Plus d’une semaine après l’entrée en vigueur de la loi des Finances 2017, il est loisible de constater que le pays continue de respirer, les citoyens vaquent à leurs occupations et l’activité économique et commerciale n’a pas connu un incident grave, qui pourrait amener à craindre un effondrement du pays. Une petite semaine n’est certes pas suffisante pour évaluer l’impact d’une loi de Finances, mais à voir la levée de bouclier qu’elle a suscité dans les milieux de l’opposition et autres spécialistes du «pourrissement» de la situation, l’opinion nationale craignait le pire pour son quotidien.
En dix jours, il ne s’est rien passé de véritablement inquiétant, nonobstant les incidents de Bejaia et il y a des chances qu’il ne se passe pas grand chose au plan social durant toute l’année. En tout cas, pas dans le sens d’un basculement de toute la couche moyenne dans l’appauvrissement. Il est vrai que les prix ont pris l’ascenseur, mais c’est là un phénomène que les Algériens, à l’image de tous les citoyens du monde, connaissent et s’en accommodent.
C’est dire que l’on a un peu trop «chauffé le bendir», alors qu’il aurait été bien judicieux de faire preuve de pédagogie d’abord et de proposer une alternative viable et sérieuse à la politique du gouvernement en matière de gestion des équilibres sociaux.

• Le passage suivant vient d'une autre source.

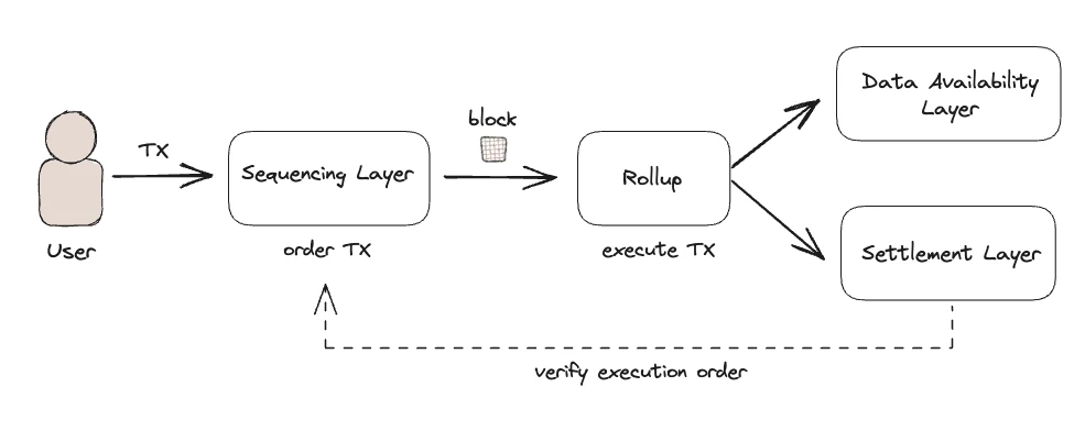 执行层内部还可以进一步分工为 Sequencer 和 Prover,Sequencer 负责计算状态转换,而 Prover 负责生成证明 (尤其是 ZK-Rollup,因为生成证明的计算类型和开销对硬件有一定要求)。

On aura compris qu’encore une fois, l’Algérie a perdu une occasion de faire un sérieux bond de l’avant en évitant un débat qui aurait pu être fort intéressant, en le remplaçant par «des cris de vierge effarouchée» qui, en définitif n’a servi personne. Ni le peuple, ni la démocratie dans le pays.
Cela dit, il est évident que les «crieurs», devenus professionnels de l’agitation stérile, n’ont pas du tout retenu la leçon. Dix jours après l’entrée en vigueur de la loi des Finances et près d’une semaine après l’échec de la tentative de déstabilisation du pays qui s’est nourrie de leur «cris», ils continuent à accuser tout et n’importe quoi et crient encore leur frustration de voir la société leur tourner le dos.